Just for the record. Most HDMI video cards have audio pass-through. This means you plug your sound card into the video card and it passes the audio out through the HDMI plug.
So you are wrong.
Don't you just love how the next step in high def is always released before the hardware capable of supporting it is? For instance, they were selling Blu-Ray Burners before they started selling blu ray burnable media, they added the "mini-dvi" port to macs, no one likes your proprietary shit Apple, and we don't want to pay 20 dollars per adapter for this crappy format either, and there aren't many, if any at all, tvs or displays that support DisplayPort, heck, how old is HDMI anyway? a year or two? Why do we need to replace it with a new one so soon? Heck, so we have any players or consoles or graphics cards capable of outputting the new resolutions this thing supports? Do we even have the displays capable of handling that resolution?
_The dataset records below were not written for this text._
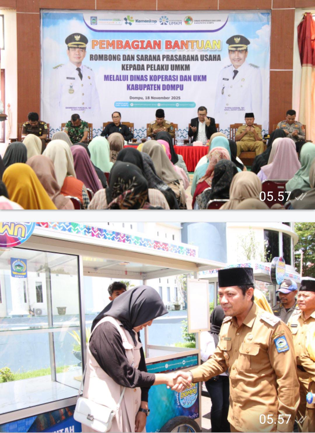 Pedagang kaki lima (PKL) sebagai pelaku usaha mikro kecil (UMK) yang terdampak operasi penertiban oleh Satuan Pol PP beberapa bulan lalu menerima bantuan rombong dari Bupati Dompu Bambang Firdaus SE. Kegiatan pemberian bantuan rombong secara simbolis tersebut berlangsung di Kantor Dinas Koperasi dan UMKM Kabupaten Dompu pada hari Selasa (18/11/25) sekitar pukul 10.30 Wita.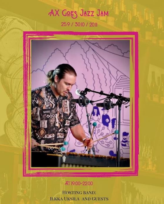 AX Ravintolan Jazz Jam illat ovat jälleen täällä tuttuun tapaan kerran kuussa, tällä kertaa torstaisin! Illan host bändissä tänään Ilkka Uksila, Joonas Tuuri ja Kasper Halttunen. Tule siis nauttimaan tunnelmallisesta illasta vapaan jamittelun äärelle ja hyppää itsekin mukaan soittamaan jos siltä tuntuu!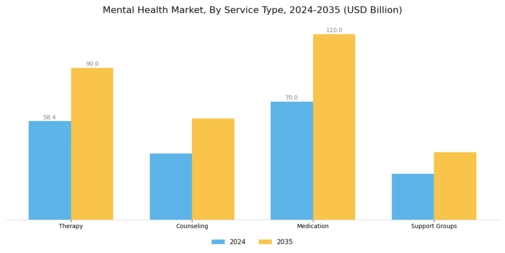 The increasing awareness surrounding mental health issues is a pivotal driver of the Global Mental Health Market Industry. Public campaigns and educational initiatives have contributed to a greater understanding of mental health disorders, leading to reduced stigma and encouraging individuals to seek help. For instance, the World Health Organization emphasizes the importance of mental health awareness, which has resulted in more people recognizing symptoms and pursuing treatment. This heightened awareness is reflected in the projected market growth, with the Global Mental Health Market expected to reach 194.8 USD Billion in 2024, indicating a robust demand for mental health services and products.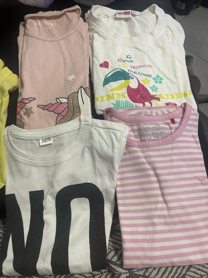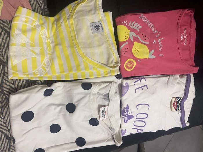 Lot de 12 tee-shirts le tout en bon état et certain très bon état. Différentes marques : Kiabi , in extenso,lee Cooper, tape à l’œil , petit bateau Attention ⚠️ 2 tee-shirts 6/7 ⚠️ le jaune esprit et le Blanc no princesse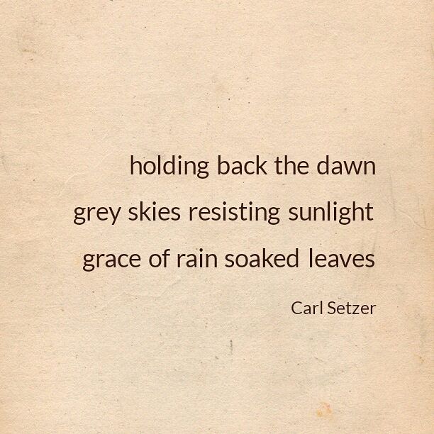 The First Day Of Autumn Posted on September 21, 2020 by Carl Setzer holding back the dawn grey skies resisting sunlight grace of rain soaked leaves It’s a classic Seattle autumn morning. One that I delight in. I hope your autumn is off to a good start. Share this: Click to share on X (Opens in new window) X Click to share on Facebook (Opens in new window) Facebook Click to share on Tumblr (Opens in new window) Tumblr Click to share on Pinterest (Opens in new window) Pinterest Click to share on Reddit (Opens in new window) Reddit Like Loading... Related Published by Carl Setzer Writing haiku trying to figure out life View all posts by Carl Setzer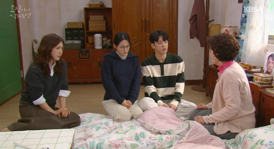 모두가 분위기를 살피는데, 어른보다 말 많이 한다며 혼나고 있는 태호. 감옥은 왜 갔다 왔냐며 단도직입적으로 태호에게 붇자 식구들이 나서서 말립니다. 끝순할머니와 박프로까지 태호를 반기는데 선순 혼자 심드렁 합니다.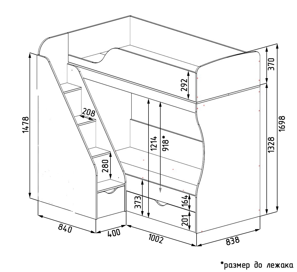 Габариты кровати: ширина 1842 х высота 1698 х глубина с учетом лестницы 1242 мм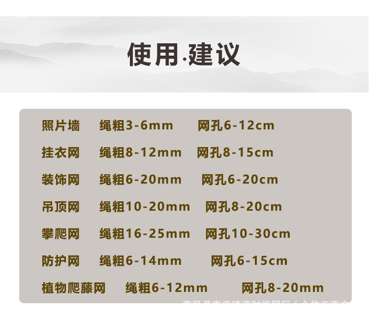 Толщина веревки 3 мм, диаметр 15cm отверстий; Толщина веревки 4 мм, диаметр 5cm отверстий; Толщина веревки 4 мм, диаметр 6cm отверстий; Толщина веревки 4 мм, диаметр 8cm отверстий; Толщина веревки 4 мм, диаметр 10cm отверстий; Толщина веревки 4 мм, диаметр 12cm отверстий; Толщина веревки 4 мм, диаметр 15cm отверстий; Толщина веревки 6 мм, диаметр 5cm отверстий; Толщина веревки 6 мм, диаметр 6cm отверстий; Толщина веревки 6 мм, диаметр 8cm отверстий; Толщина веревки 6 мм, диаметр 10cm отверстий; Толщина веревки 6 мм, диаметр 12cm отверстий; Толщина веревки 6 мм, диаметр 15cm отверстий; Толщина веревки 8 мм, диаметр 8cm отверстий; Толщина веревки 8 мм, диаметр 10cm отверстий; Толщина веревки 8 мм, диаметр 12cm отверстий; Толщина веревки 8 мм, диаметр 15cm отверстий; Толщина веревки 8 мм, диаметр 20cm отверстий; Толщина веревки 10 мм, диаметр 8cm отверстий; Толщина веревки 10 мм, диаметр 10cm отверстий; Толщина веревки 10 мм, диаметр 12cm отверстий; Толщина веревки 10 мм, диаметр 15cm отверстий; Толщина веревки 10 мм, диаметр 20cm отверстий; Толщина веревки 12 мм, диаметр 10cm отверстий; Толщина веревки 12 мм, диаметр 12cm отверстий; Толщина веревки 12 мм, диаметр 15cm отверстий; Толщина веревки 12 мм, диаметр 20cm отверстий; Толщина веревки 14 мм, диаметр 10cm отверстий; Толщина веревки 14 мм, диаметр 12cm отверстий; Толщина веревки 14 мм, диаметр 15cm отверстий; Толщина веревки 16 мм, диаметр 12cm отверстий; Толщина веревки 16 мм, диаметр 15cm отверстия; Толщина веревки 20 мм, диаметр 15cm отверстий; Грубая настройка сетки

Why don't you people put this to rest for a bit until we actually have stuff that supports 2160i resolutions? Two versions of an almost identical product is only going to limit compatibility.
Technology is advancing faster than ever and we have to get used to it - we don't have to subscribe to it but never a good thing to be in denial either! What is proprietary one minute can become an industry standard the next. A good example is FireWire. Apple originally invented FireWire to speed up the data transfer for colour printing as a replacment for RS422. To think that it never got used for that purpose. I remember the presentation - it was a long time ago!!
As a consumer, it is annoying that things change so quickly and early adopting can be expensive. Years ago I bought a Panasonic 42" with HDMI and nothing works without annoying video interference and audio dropout. I have many HDMI sources but not one works with the TV properly even with highgrade cables without knocking the resolution right down which kinda defeats the object. So I'm never going to see Hi def on my TV until I buy a new one which is probably a quarter of the price now too. If DisplayPort does everything it says it does it will make HDMI look like a transitional 'standard'. I can't wait.
I've read the excellent EDN article, and as someone with an electronics degree since 1976, and who has followed the development of interfaces ever since, it's obvious to me that DisplayPort will replace HDMI at some point in the next few years. It's cheaper, more capable, more expandable, requires fewer wires, smaller connectors, etc.--it's all the stuff that manufacturers like.
HDMI is a licensed and proprietary standard that is currently available on most new home-theatre equipment. It allows for the combination of digital audio and video signals onto a single wire simplifying installation (theoretically, HDMI audio is notoriously difficult for end-users to configure) It's favored by the companies responsible for its development, which include Sony, Philips, and Panasonic among others as they own the rights to the specification and are not forced to pay royalties and licensing like outside vendors.
DisplayPort is an open standard created by VESA that is favored by most outside hardware vendors because its use is free substantially lowering the cost both of manufacture and to the consumer.
Both schemes include support for content encryption, which is why you shouldn't use either one. DVI provides adequate visual quality, does not support content encryption, and doesn't give content providers the option to obsolete your display at any time via HDCP.